» **TASK TO CARRY OUT**
Exclude the pictures and transcribe the rest of the data below exactly.

» **SUPPLIED DATA**
-*-*-

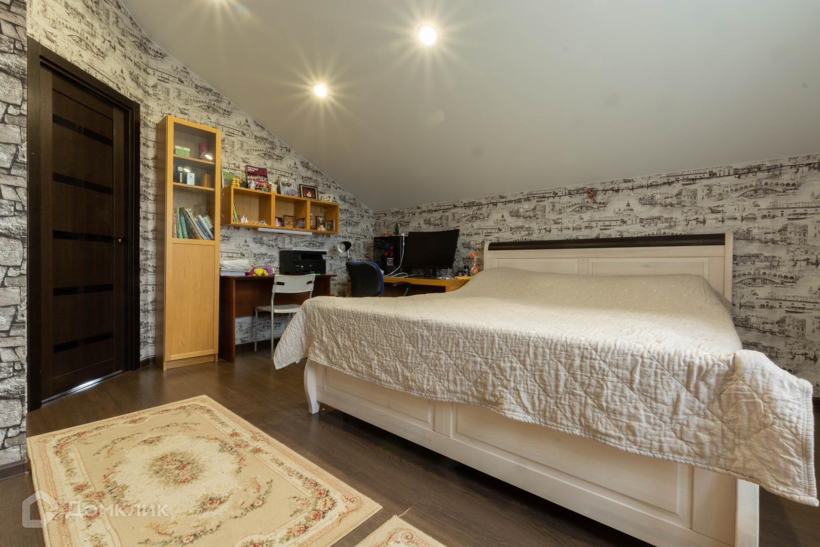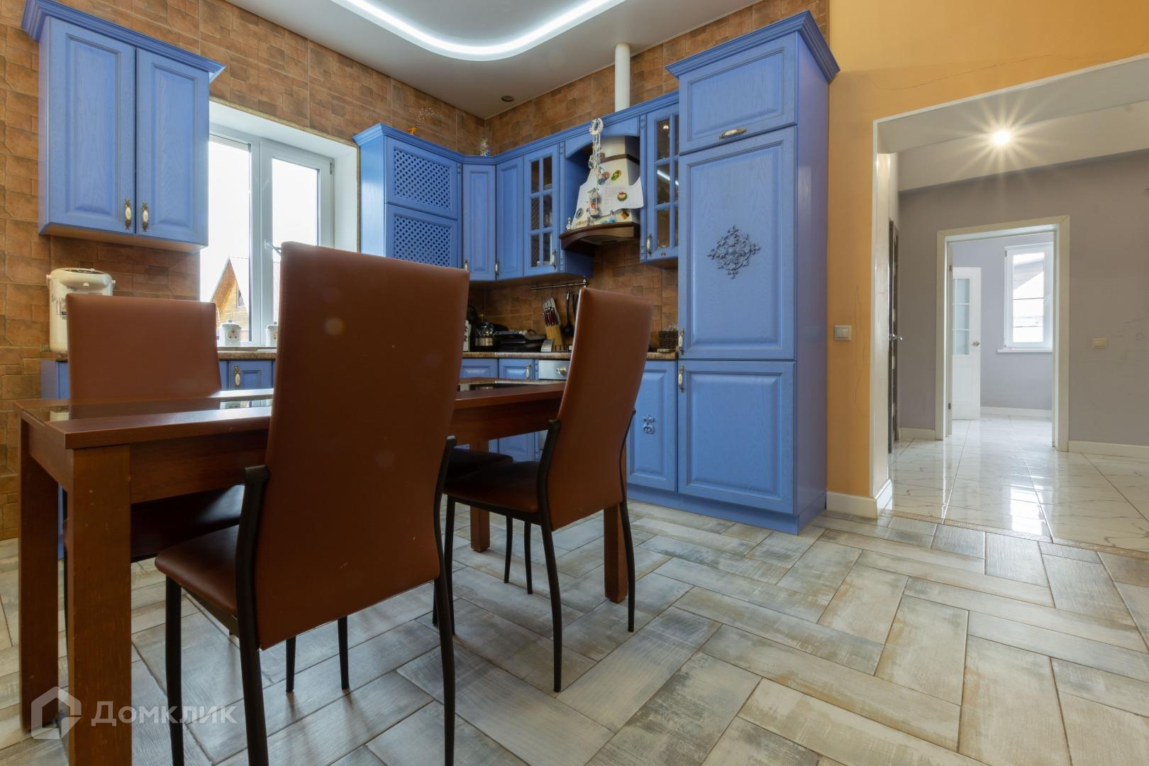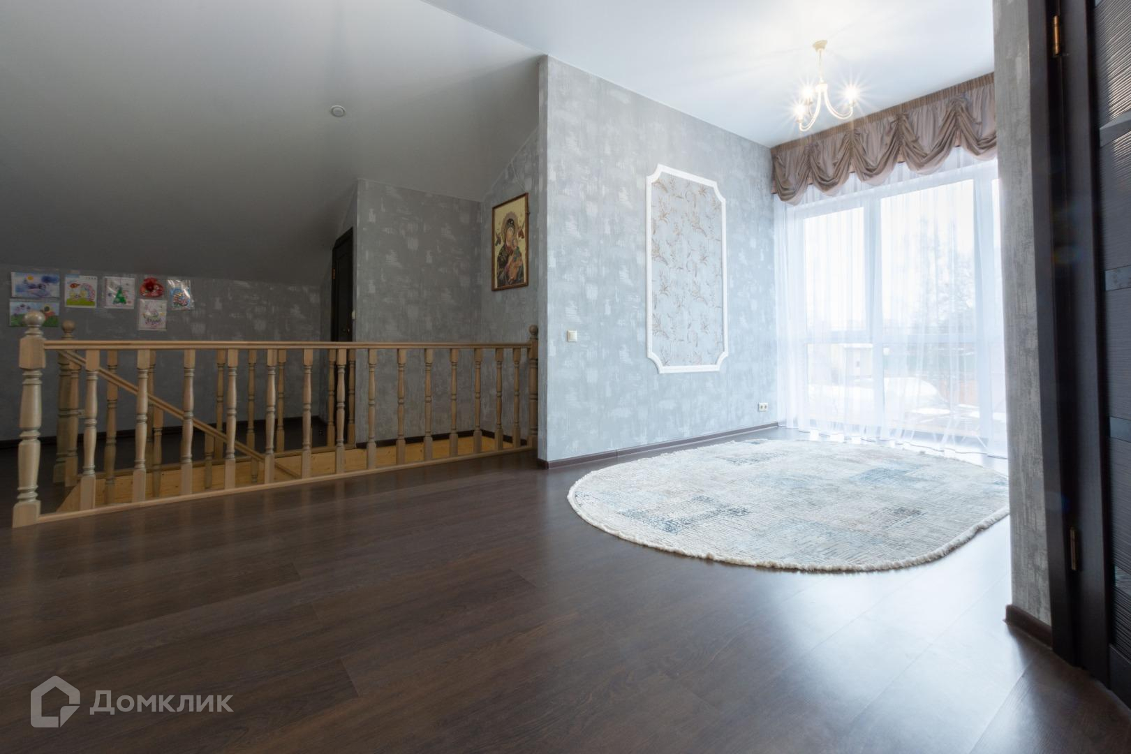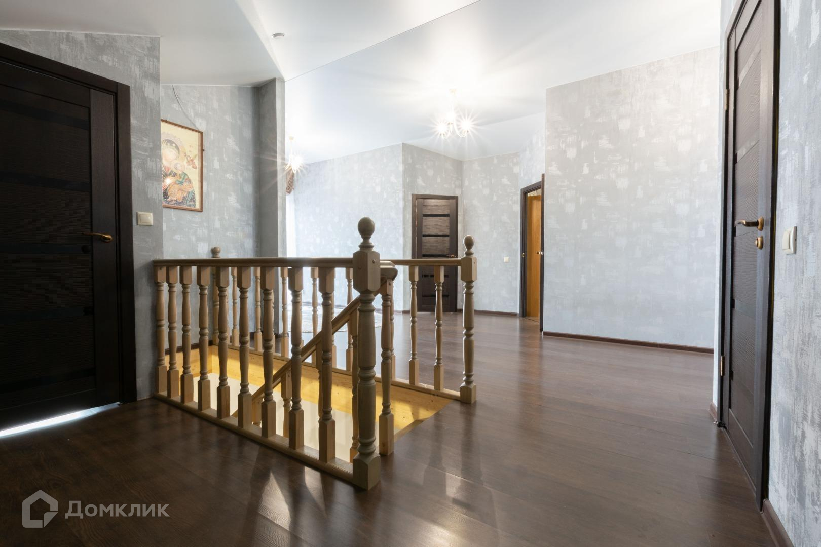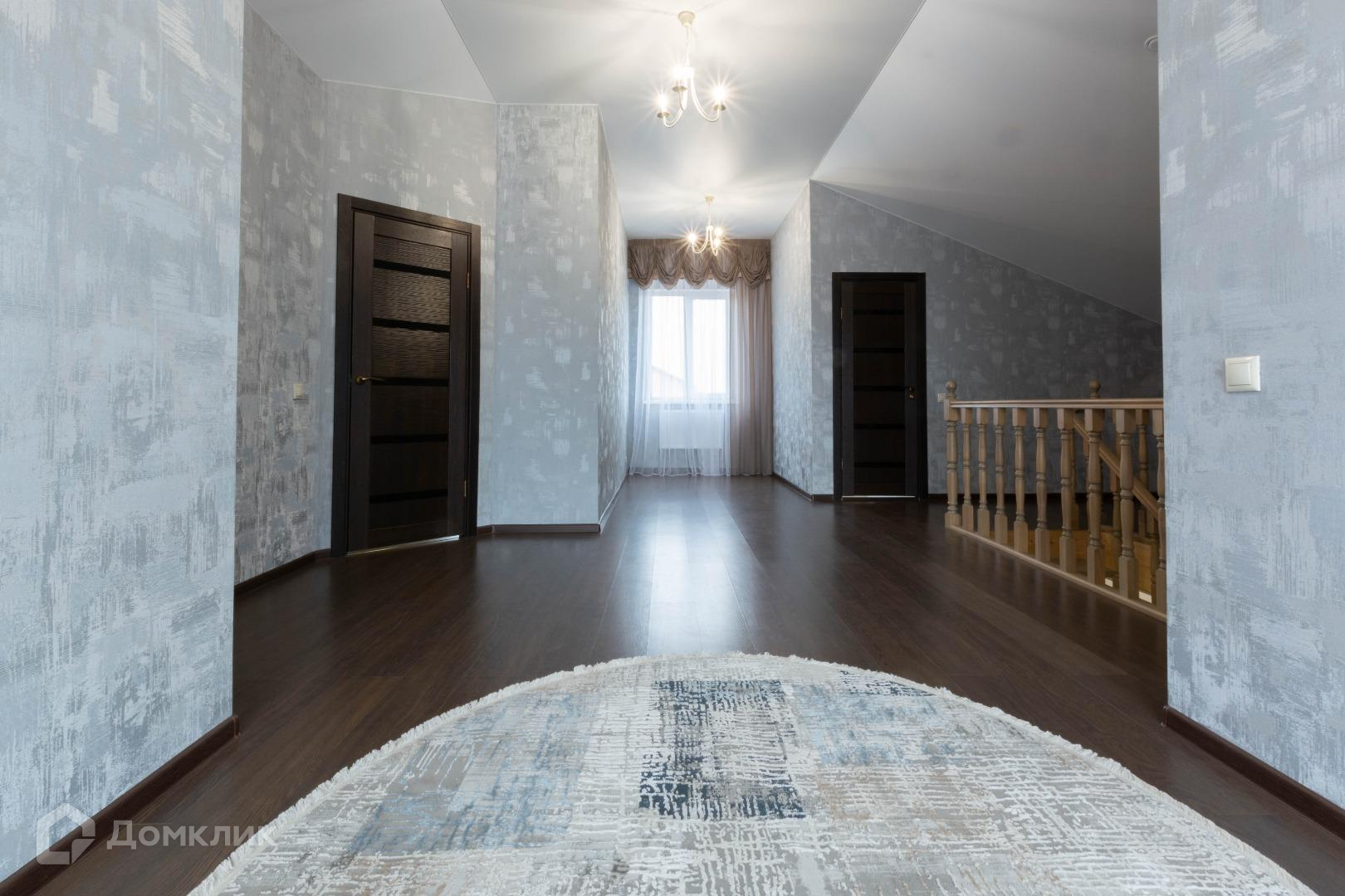 Полы в жилых помещениях и в холле-ламинат, остльное-плитка. Потолки-натяжные. Местами точечные светильники. Дом требует косметики.
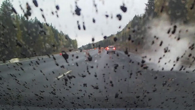 Фонтан гудрона вырвался из спецавтомобиля и накрыл проезжающие мимо машины. Инцидент попал на камеру видеорегистратора. На трассе Екатеринбург-Челябинск из спецавтомобиля вырвался фонтан гудрона в тот момент, когда мимо проезжал поток машин. В результате инцидента не менее 40 транспортных средств подверглись мощнейшему напору битума. Об этом сообщает сайт Комсомольская Правда . Распылитель был поднят вверх, поэтому напор гудрона бил фонтаном и обливал всех, кто ехал в направлении Челябинска. Фонтан был такой силы, что заливал по крышу даже крупные грузовики. Водители сразу останавливались, так как продолжать движение дальше было невозможно , - рассказал один из очевидцев. Отмечается, что владельцам приходилось дожидаться автоинспекторов в течение 2,5 часов. Сам водитель спецавтомобиля заявил, что не видел ничего и не был смущен столбом пара, исходящим от фонтана. Как говорится в сообщении, представитель компании, ремонтирующей дорогу, явился через несколько часов. Он предложил заплатить пострадавшим по две тысячи рублей на мойку транспортного средства, однако многие автомобилисты справились с инцидентом самостоятельно и покинули место происшествия.
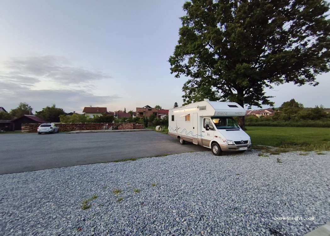 Great place for overnight. Huge asphalt parking. Great restaurant and very tasty food, the owner has created a great spot for a rest. Supermarket is on the side. Cafes and city centre is walking distance.
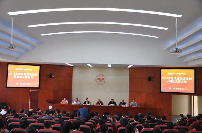 4月16日下午,best365官网2013年党风廉政建设和反腐败工作会议在东方红校区科技楼视频会议室隆重召开。校领导彭小奇、金潇明、阳柏苏、刘鸿翔、刘志敏、李克勤、刘宇出席并在主席台就坐。全校副科级以上干部,各党总支(支部)纪检委员,离退休党总支书记,各级人大代表、政协委员,各民主党派主委参加了会议。会议由校党委副书记金潇明主持。

-*-*-

» **RESULT OF THIS EXERCISE**
 Полы в жилых помещениях и в холле-ламинат, остльное-плитка. Потолки-натяжные. Местами точечные светильники. Дом требует косметики.
 Фонтан гудрона вырвался из спецавтомобиля и накрыл проезжающие мимо машины. Инцидент попал на камеру видеорегистратора. На трассе Екатеринбург-Челябинск из спецавтомобиля вырвался фонтан гудрона в тот момент, когда мимо проезжал поток машин. В результате инцидента не менее 40 транспортных средств подверглись мощнейшему напору битума. Об этом сообщает сайт Комсомольская Правда . Распылитель был поднят вверх, поэтому напор гудрона бил фонтаном и обливал всех, кто ехал в направлении Челябинска. Фонтан был такой силы, что заливал по крышу даже крупные грузовики. Водители сразу останавливались, так как продолжать движение дальше было невозможно , - рассказал один из очевидцев. Отмечается, что владельцам приходилось дожидаться автоинспекторов в течение 2,5 часов. Сам водитель спецавтомобиля заявил, что не видел ничего и не был смущен столбом пара, исходящим от фонтана. Как говорится в сообщении, представитель компании, ремонтирующей дорогу, явился через несколько часов. Он предложил заплатить пострадавшим по две тысячи рублей на мойку транспортного средства, однако многие автомобилисты справились с инцидентом самостоятельно и покинули место происшествия.
 Great place for overnight. Huge asphalt parking. Great restaurant and very tasty food, the owner has created a great spot for a rest. Supermarket is on the side. Cafes and city centre is walking distance.
 4月16日下午,best365官网2013年党风廉政建设和反腐败工作会议在东方红校区科技楼视频会议室隆重召开。校领导彭小奇、金潇明、阳柏苏、刘鸿翔、刘志敏、李克勤、刘宇出席并在主席台就坐。全校副科级以上干部,各党总支(支部)纪检委员,离退休党总支书记,各级人大代表、政协委员,各民主党派主委参加了会议。会议由校党委副书记金潇明主持。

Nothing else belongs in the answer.